Lifetime mortgages can help many people and one of the many ways that they are beneficial is how they give you a lump sum of cash. If you are over the age of 55, lifetime mortgages are potentially available for you. There are several types of lifetime mortgages such as interest only, drawdown and the general lump sum schemes.
Drawdown lifetime mortgage schemes are a good option for people who want to release cash from their home, especially if nearing the end of their existing mortgage agreement. It is essentially a drip fed mortgage which means that you do not have to take all of the cash offered to you at the beginning. Instead you can take a small amount initially and then withdraw the remaining reserve facility as and when you require it.
It is important to seek independent equity release advice about drawdown mortgages to see if they are right for you. For example, unexpected emergencies could change your needs and you might find that a drawdown mortgage could work because you can use from the pool of cash that you got for the first instalment.

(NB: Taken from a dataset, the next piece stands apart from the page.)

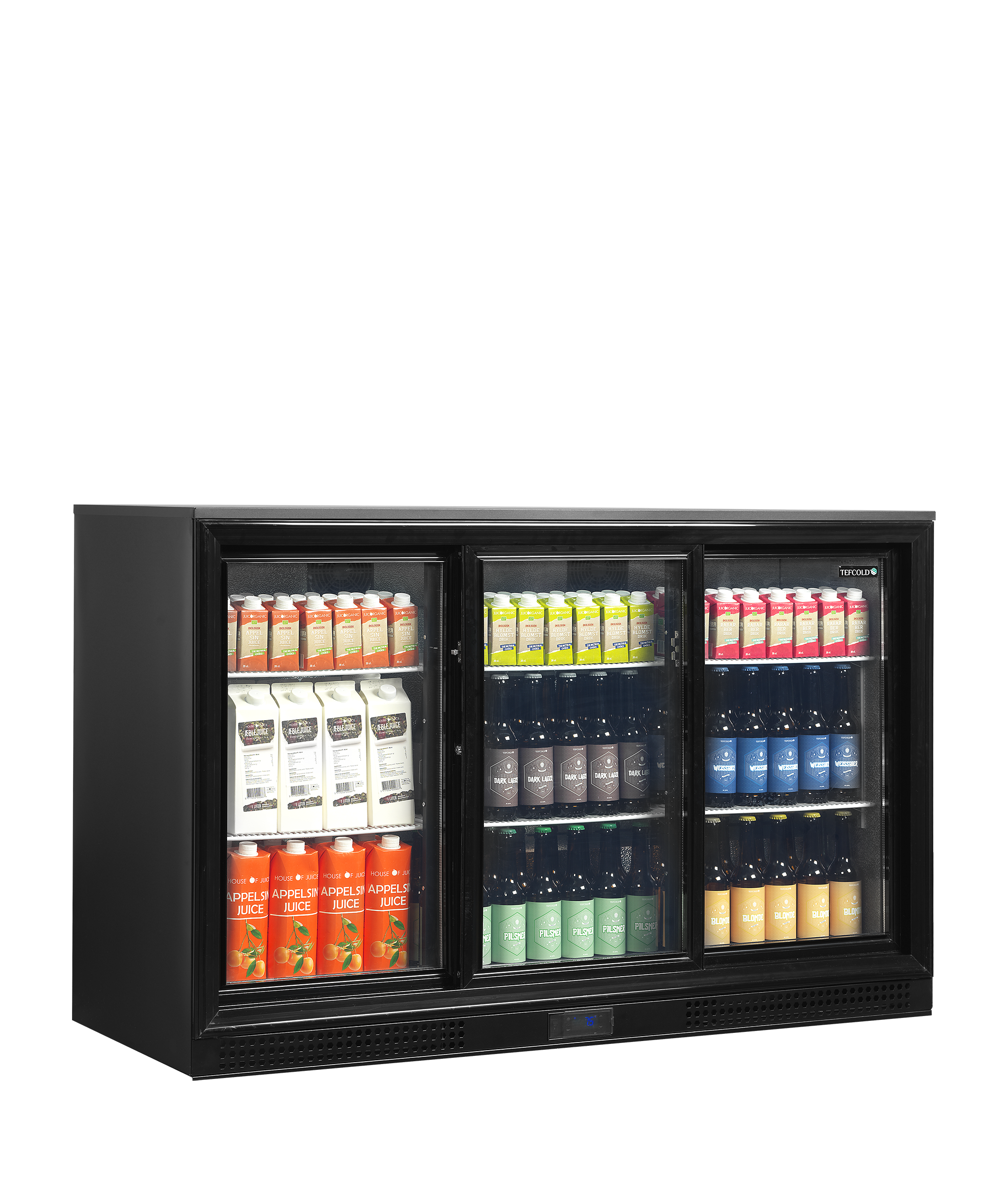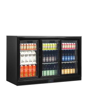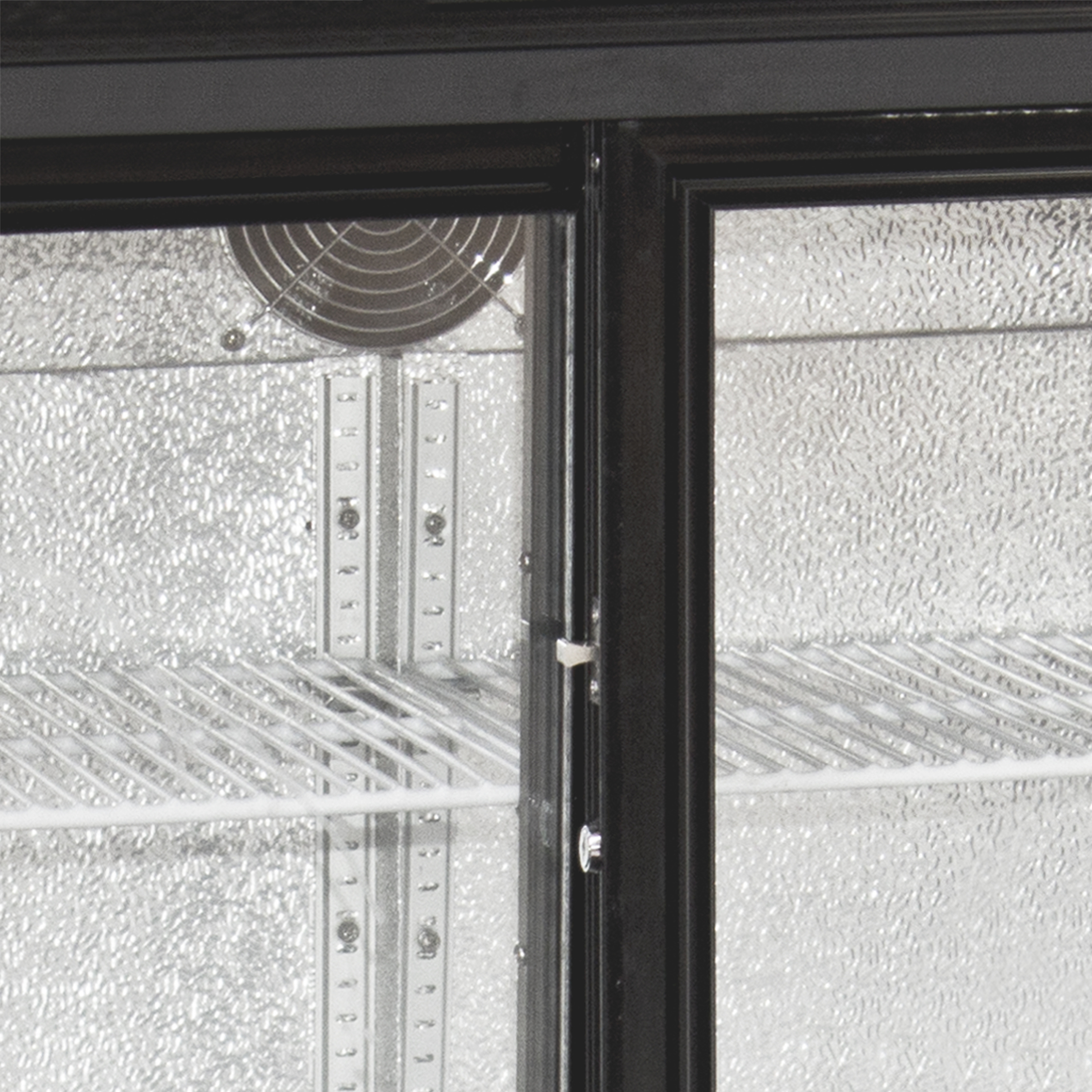 De DB-serie backbars wordt geleverd met 1, 2 of 3 deuren met dubbel gehard glas. Kies tussen schuifdeuren of draaideuren. De backbar heeft een zwarte buitenzijde, een stucco aluminium interieur en wit geplastificeerde draadplanken voor eenvoudig onderhoud. Met geventileerde koeling, eenvoudig te regelen met een elektronische thermostaat. Ideaal voor drukke baromgevingen.

Another popular type of mortgage that helps people beat the taxman are the lump sum mortgages. These are fantastic especially if you want to do any extra DIY or renovations on your home, the lump sum mortgage that you can apply for gives you the scope to get your hands on the cash you need to do so. Projects can vary far& wide from simple kitchen improvements to full blown extensions & conservatories, in many cases changing people's lives.
One important aspect to remember about lifetime mortgages is the fact that they are not on a fixed term. Interest is added onto your loan monthly or annually and this is something you need to be aware about. This is especially if you are taking out a mortgage as a couple, because you both need to know the ins and outs of the finances required for a lifetime mortgage if ither of you died.
Top tip: Look into your lifetime mortgage contract to check there is a negative equity built into your contract. It is important to know that you have the right to be protected against negative equity if your lifetime mortgage loan is bigger than the actual value of your property. This is to ensure consumers are protected at all times when taking on a financial risk such as taking on a mortgage. Any company who is a member of SHIP (Safe Home Income Plans) must have this included.